Consequently, no evidence was brought on record to establish
that the chit was, in fact, written by the deceased.
18. The Investigating Officer, in his deposition before the
Court, candidly admitted that he had not sent the said chit or
the admitted handwriting of the deceased for expert opinion,
despite the document having allegedly been recovered during
the course of the investigation. He further admitted that he
had not recorded the statements of any independent
witnesses residing in the vicinity of the deceased’s residence.
The Investigating Officer also admitted that, till 18.10.2006,
he had not received the alleged handwritten chit. These
admissions assume considerable significance and cast a
serious doubt on the authenticity of the prosecution case.

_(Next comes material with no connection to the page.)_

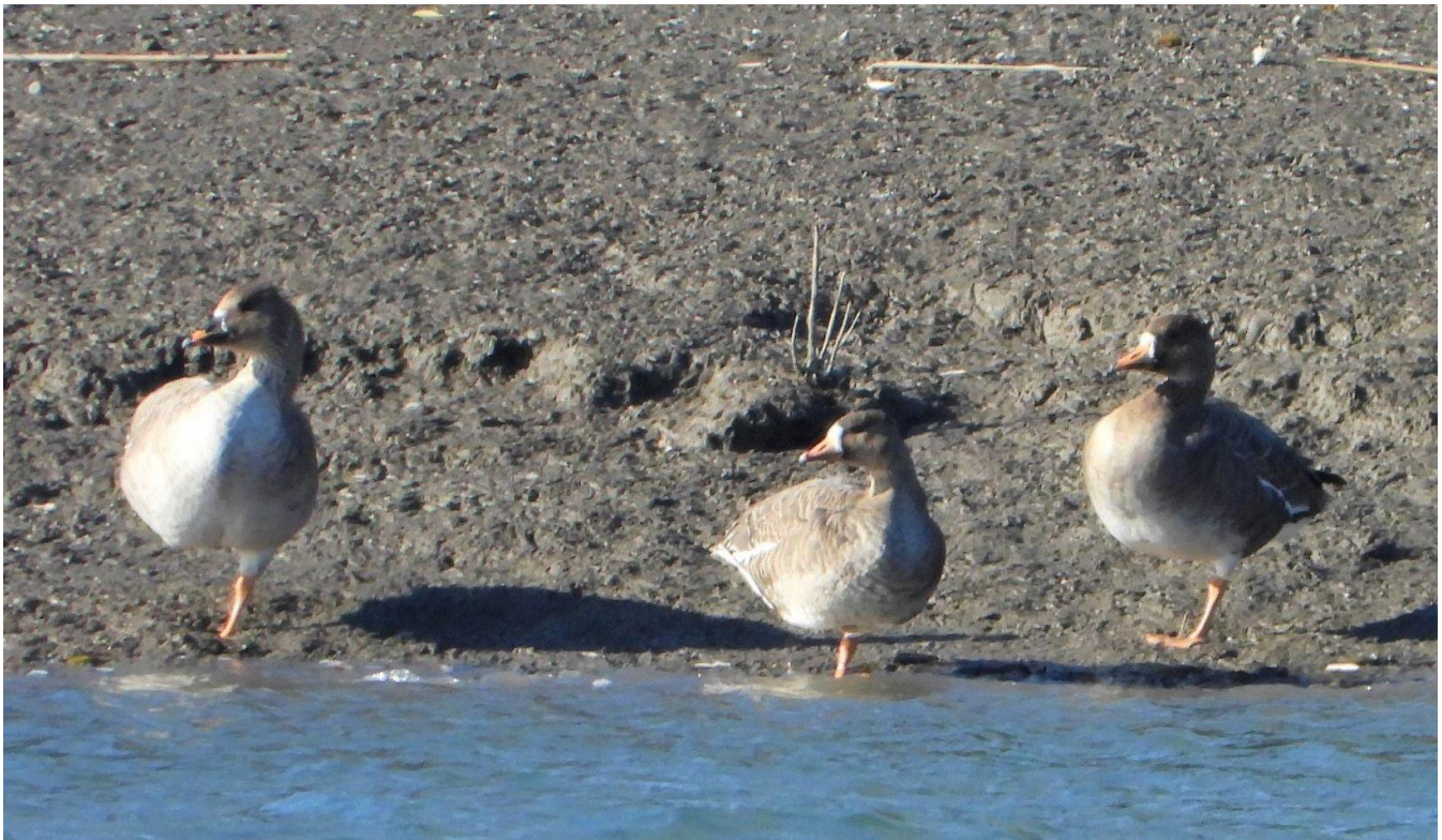
▲左からヒシクイ・マガン2・久留米市大善寺町

筑後川に観察に行きました。トモエガモの他5種、タゲリ、ホオジロなど、探鳥中に佐賀県側の岸辺に、ヒシクイ1羽、マガン2羽が仲良く並んでいました。

19. If, for the first time, the alleged handwritten chit came to
light only on 18.10.2006, then the investigation conducted
pursuant to the Accidental Death (A.D.) entry itself raises
serious questions regarding the manner in which the
investigation was carried out by the Investigating Officer. If
the contents of the chit, as alleged by the prosecution,
disclosed the commission of a cognizable offence at the very
first instance, there was no justification for the police in
neither registering an FIR nor setting the criminal law into
motion at the relevant point of time.
20. These circumstances go to the very root of the prosecution
case and cast a serious doubt on the fairness and reliability of
the investigation. Such lapses are not merely procedural
irregularities but are fatal to the prosecution case.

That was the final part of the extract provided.